|Valya - 091212|
What do you care about me? What do you think about me? These questions are the basis for many of my behaviors and how I interact with others. What I chose to let out of my mind and share with others is greatly regulated by my concerns of how I am perceived by others. That bullshit needs to stop.
I am in therapy. With that statement, I am opened up to many prejudices, stereotypes, and misconceptions. I don't really care anymore if people know about it. I don't wave a therapy flag or force this bit of information in a moment of too-much-information. I find it humorous to see their reactions. They are usually slightly shocked, hold and awkward pause, then very cautiously ask me, "are you ok?" For many, they are concerned, for a few though, the judgements start coming.
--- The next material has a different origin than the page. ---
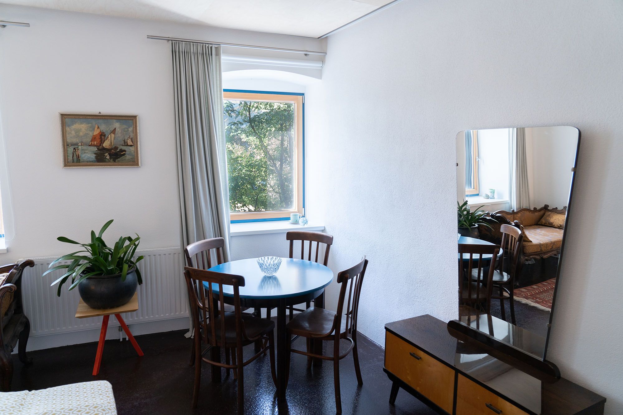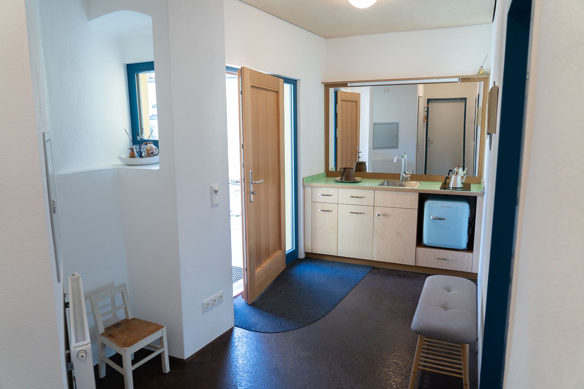 Unsere Ferienwohnungen befinden sich allesamt im historischen Teil des Hauses, dessen Bausubstanz wir haustechnisch zwar ertüchtigt, jedoch so weit wie möglich erhalten haben. Die Unebenheiten der mit speziellem, luftporenreichem Dämmputz verputzten Wände erinnern ebenso daran wie der in warmem Dunkelrot eingefärbte Gussasphalt, der die gestampften Lehmböden der Vergangenheit zeitgemäß interpretiert.

Why am I sharing this "devil may care" attitude about my personal life? It is because of therapy. During my last few sessions I started discovering that due to my concern of how people view me and by the potential of me letting them down, I am not truly living with the real me.
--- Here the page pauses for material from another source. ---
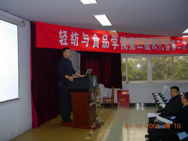 轻纺与食品学院第二届双代会第二次会议隆重召开 2008年12月31日,轻纺与食品学院第二届双代会第二次会议隆重召开。学院双代会代表和特邀代表出席了此次会议。学院党委书记刘学文教授代表学院党政向全院教职员工表示最亲切的慰问和最崇高的敬意!并致以良好的祝愿!预祝大会取得丰硕成果,圆满成功!希望全院教职员工携起手来,紧紧围绕学校的中心工作,认真贯彻落实“十七大”精神,高举旗帜,坚定不移地解放思想、深化改革,在科学发展观的引领下,以创新精神加强和改进党建思想政治工作为保证,以提高质量为核心,以人事分配制度改革为龙头,以改革创新管理体制和运行机制为重点,以调整优化配置资源为抓手,坚持全心全意依靠教职工办学的基本方针,促进学院各项工作又好又快的发展,再上新台阶,为实现我院团结、和谐、高水平研究型学院的宏伟目标而努力奋斗! 与会代表听取和审议了学院院长陈武勇教授代表所作的“学院工作报告”和“财经工作报告”。“学院工作报告”总结2008年学院的教学、科研、学科建设、对外交流、师资建设、学生等方面的工作,实事求是,客观全面,真实地反映了学院的各项工作情况。希望以后的工作中,针对所存在的不足提出行之有效的措施,不断缩小差距,推进学院各项工作又快又好地发展。“财经工作报告”全面地反映了目前学院经费的下拔、分配和使用情况,认为学院的财经制度比较完善,财务公开透明,经费分配和使用基本合理。希望继续管好用好现有财力,压缩不必要的开支,将有限的财力用到最需要的地方,更好地为学院的发展服务。 大会还听取了学院工会主席肖凯所作的“双代会工工作报告”,该报告回顾了2008年双代会和工会的工作,特别在抗震救灾工作、院务公开、文体活动和教职工福利中发挥了巨大的作用。希望能进一步发挥双代会和工会“民主管理、民主监督和民主决策”的作用,促进学院的实现新的跨越;并努力成为教职工的贴心人,发挥桥梁纽带作用,为教职工多办实事、好事。 大会进行了分组讨论,与会代表踊跃发言,积极为学院的发展和改革献计献策,提出了合理化建议和意见。分组讨论后,三个小组的召集人刘晓虎、廖隆理和陈衍夏分别作大会交流座谈。 最后,全体代表一致通过“轻纺与食品学院第二届双代会第二次会议决议”。大会在和谐、热烈的气氛中圆满结束。

This self sense of being Mr. Nice Guy and trying not to ruffle feathers, smooth those that are ruffled, and avoidance of delivering bad news has held me back too long. Because of this I tend to take on too much onto myself when others should be doing their job or make their expectations more realistic. I lose track of too many tactical, cultural, familial and other types of obligations. I am spending too much time on this shit.
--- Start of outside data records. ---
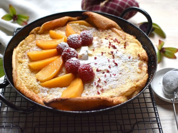 Mittlerweile haben sie auch in unseren Küchen Einzug gefunden – als Ofenpfannkuchen. Oft mit Apfelscheiben serviert.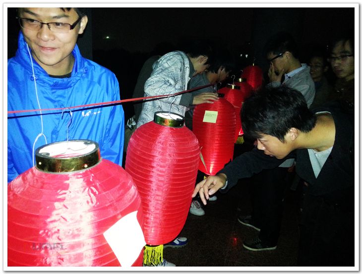 11月8日,中国共产党第十八次全国代表大会在北京召开。在南航校园里,航空宇航学院的同学们举办了“灯谜当中藏愿景,党史国情统知晓”的灯谜竞猜活动喜迎十八大的召开。 学院组织以灯谜的形式讲述党的传奇故事,设置趣味问题,让同学们在猜灯谜的同时增进对党史国情的了解。活动的前期准备阶段由学生党员们将灯谜送入各个寝室,在同学们答题的同时广泛收集他们对自己未来的期望和对党对祖国的美好祝福。11月8日晚上,因天气影响原定于在砚湖进行的活动改在3号教学楼旁进行,淅沥的小雨并未阻挡同学们高涨的热情,大家积极参与到猜灯谜、写祝福的活动中来。十八个灯谜,代表着十八大,十个灯笼,代表着风雨同舟的十年,八盏莲花灯,选取中国传统的吉利数字表达祝福。点点火光映着一张张年轻的面庞,折射出大家对未来的美好展望和对党对祖国的真情祝愿。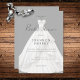 Soft and romantic, this bridal shower invitation design features a white wedding gown centred on a pale silver grey background under a misty white transparent layer. Elegant, simple, and romantic. Created by Simply Farmhouse Press.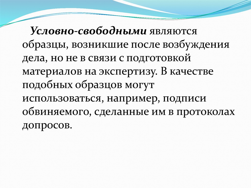 Свободными образцами являются такие, которыеобразовались до начала производства по делу и вне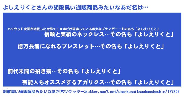| 恥ずかしいあだ名 | 『プリティーよしえりくと』『よしちん』 |

A year or so ago I had a dream where my wife told me "I am not going to help you clean up the façades you built around yourself." This profoundly hit me and cuts to the core of my tendencies to placate. I build up all these façades to keep the peace from falling into pieces.
While that revelation is big for me, it took a simple observation from my therapist when I told her of that dream. "Those narrations in your dreams are written by you, not the person represented in your dreams." Whoa... For the past year, I've subconsciously believed that statement represented something from my wife. While it may be something she believes, it is my projection on her, manifested in a dream. Since it is my dream script the message is directed at me... from ME.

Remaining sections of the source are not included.